* **DATASET ENTRIES**
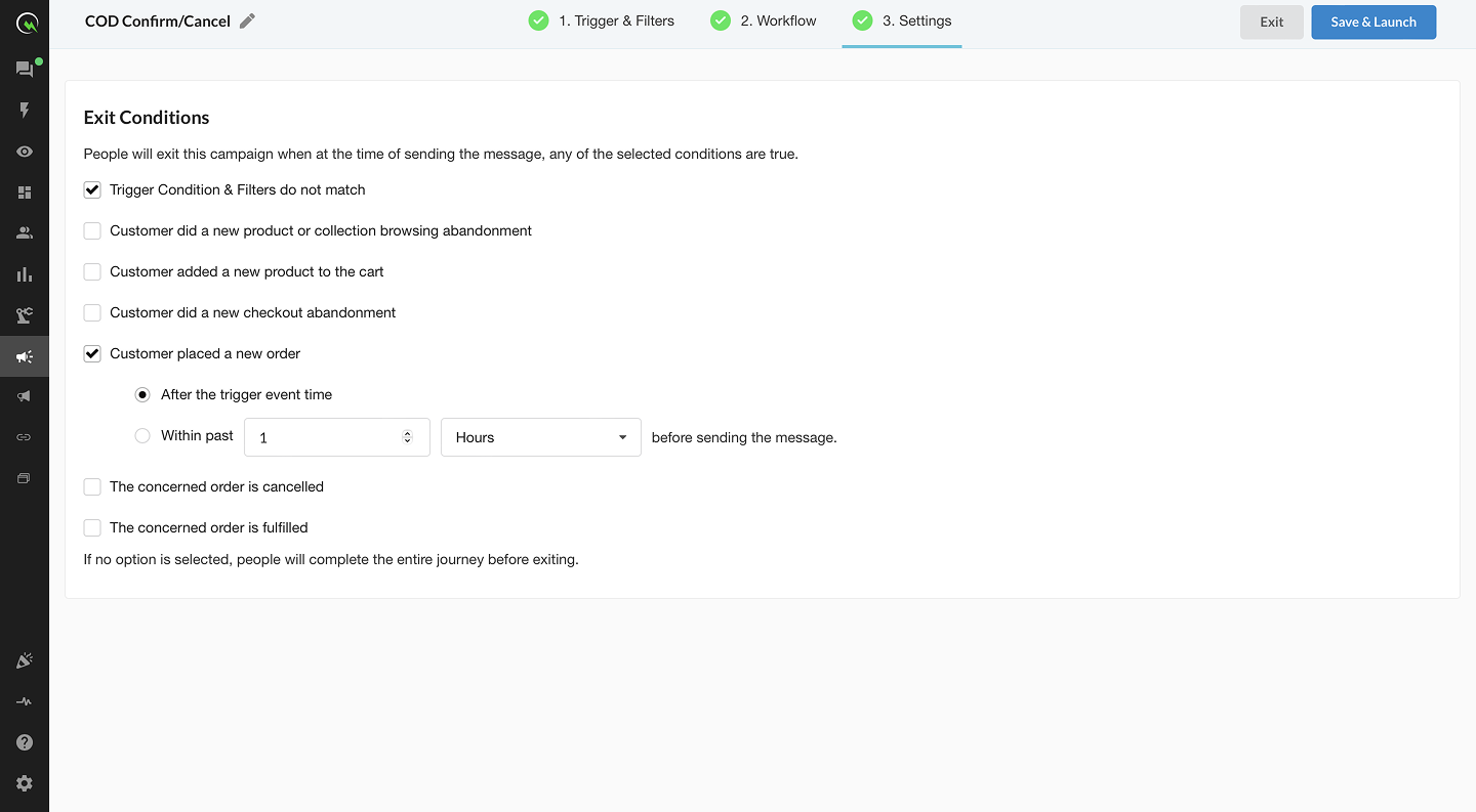 Set up exit rules to determine when a user should stop receiving messages in the sequence. Common exit conditions include:
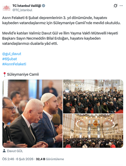 3. İstanbul Valiliği, Vali Davut Gül’ün, AKP’li Cumhurbaşkanı R.T. Erdoğan’ın oğlu Bilal Erdoğan’la birlikte Süleymaniye Camisindeki mevlüde katıldığını resmi sosyal medya hesabında paylaştı. Paylaşımda “Asrın Felaketi 6 Şubat depremlerinin 3. yıl dönümünde, hayatını kaybeden vatandaşlarımız için Süleymaniye Camii’nde mevlid okutuldu. Mevlid’e katılan Valimiz Davut Gül ve İlim Yayma Vakfı Mütevelli Heyeti Başkanı Sayın Necmeddin Bilal Erdoğan, hayatını kaybeden vatandaşlarımızı dualarla yâd etti.” sözleri yer aldı. (6 Şubat)
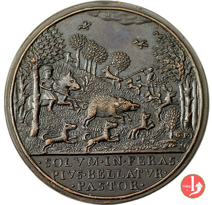 in esergo: • SOLVM • IN • FERAS • = PIVS • BELLATVR • = • PASTOR •
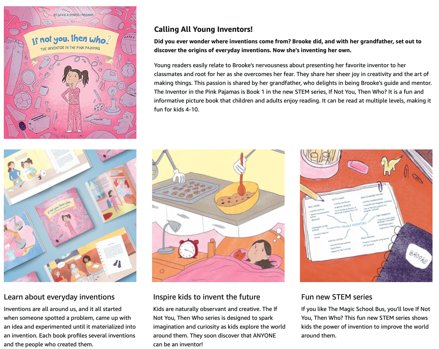 "In If Not You, Then Who, a new multi-book STEM series targeted at ages 4 to 8, authors David and Emberli Pridham do a most convincing job teaching children about the inventions and patents in everyday life...Fascinating facts and fun learning are what these books are all about. When the authors ask what inventions Brooke could devise to make her daily tasks easier, great illustrations clearly make the point!"
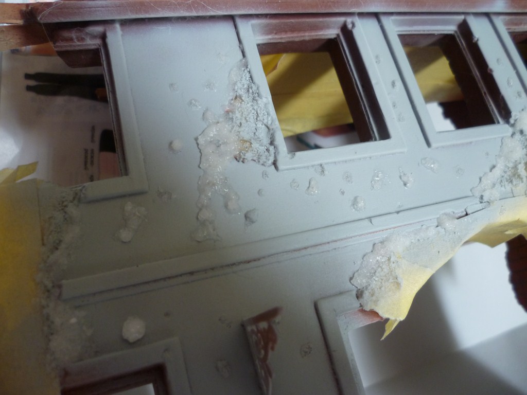 сделал потолок комнаты,имитация сена сделана из пакли,поверх дранки позже нанесу шпатлевку и пооткалываю в некоторых местах,в дом пока вставил для примерки,приклеивать буду позже
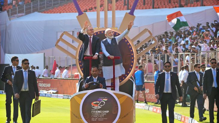Anthony Albanese and Narendra Modi inaugurate cricket match between their teams at Ahmedabad stadium named after the Indian PM.
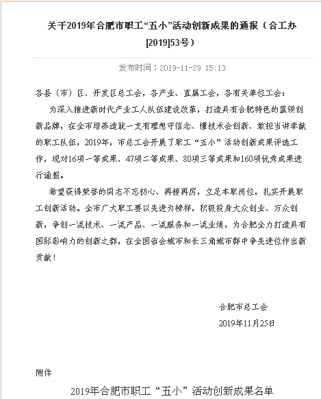 为大力弘扬劳模精神、劳动精神和工匠精神,围绕工作实际关键问题开展的小发明、小创造、小革新、小攻关、小建议,2019年合肥市总工会在全市范围内开展职工“五小”活动创新成果评选工作。
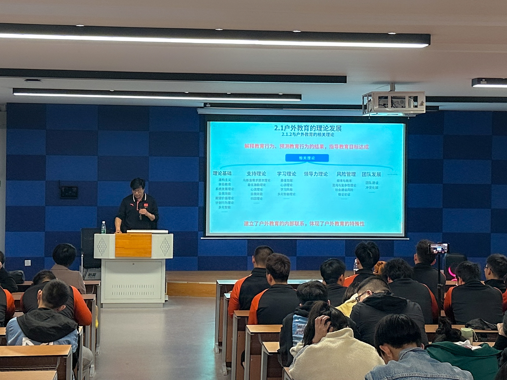 会上,杨汉主要围绕“新时代体育发展政策与环境”“户外体育专业人才的社会需求”“大学教育的学科、专业、课程建设”以及“社会体育专业建设(户外)与人才培养”四个方面进行了详细的分析和指导。杨汉说道:“现体育呈现蓬勃发展,已成为五大幸福产业和六大消费领域的重要内容。”他提出高校体育教育要深刻把握好学科建设与人才培养之间的关系,努力“建成支点,走在前列,谱写新篇”适应社会的发展,培养高素质专业应用型人才。

* **INSTRUCTIONS TO FOLLOW**
Each entry is to be returned as it stands, and each picture is to be left out.

* **SOLVED PROBLEM**
 Set up exit rules to determine when a user should stop receiving messages in the sequence. Common exit conditions include:
 3. İstanbul Valiliği, Vali Davut Gül’ün, AKP’li Cumhurbaşkanı R.T. Erdoğan’ın oğlu Bilal Erdoğan’la birlikte Süleymaniye Camisindeki mevlüde katıldığını resmi sosyal medya hesabında paylaştı. Paylaşımda “Asrın Felaketi 6 Şubat depremlerinin 3. yıl dönümünde, hayatını kaybeden vatandaşlarımız için Süleymaniye Camii’nde mevlid okutuldu. Mevlid’e katılan Valimiz Davut Gül ve İlim Yayma Vakfı Mütevelli Heyeti Başkanı Sayın Necmeddin Bilal Erdoğan, hayatını kaybeden vatandaşlarımızı dualarla yâd etti.” sözleri yer aldı. (6 Şubat)
 in esergo: • SOLVM • IN • FERAS • = PIVS • BELLATVR • = • PASTOR •
 "In If Not You, Then Who, a new multi-book STEM series targeted at ages 4 to 8, authors David and Emberli Pridham do a most convincing job teaching children about the inventions and patents in everyday life...Fascinating facts and fun learning are what these books are all about. When the authors ask what inventions Brooke could devise to make her daily tasks easier, great illustrations clearly make the point!"
 сделал потолок комнаты,имитация сена сделана из пакли,поверх дранки позже нанесу шпатлевку и пооткалываю в некоторых местах,в дом пока вставил для примерки,приклеивать буду позже
Anthony Albanese and Narendra Modi inaugurate cricket match between their teams at Ahmedabad stadium named after the Indian PM.
 为大力弘扬劳模精神、劳动精神和工匠精神,围绕工作实际关键问题开展的小发明、小创造、小革新、小攻关、小建议,2019年合肥市总工会在全市范围内开展职工“五小”活动创新成果评选工作。
 会上,杨汉主要围绕“新时代体育发展政策与环境”“户外体育专业人才的社会需求”“大学教育的学科、专业、课程建设”以及“社会体育专业建设(户外)与人才培养”四个方面进行了详细的分析和指导。杨汉说道:“现体育呈现蓬勃发展,已成为五大幸福产业和六大消费领域的重要内容。”他提出高校体育教育要深刻把握好学科建设与人才培养之间的关系,努力“建成支点,走在前列,谱写新篇”适应社会的发展,培养高素质专业应用型人才。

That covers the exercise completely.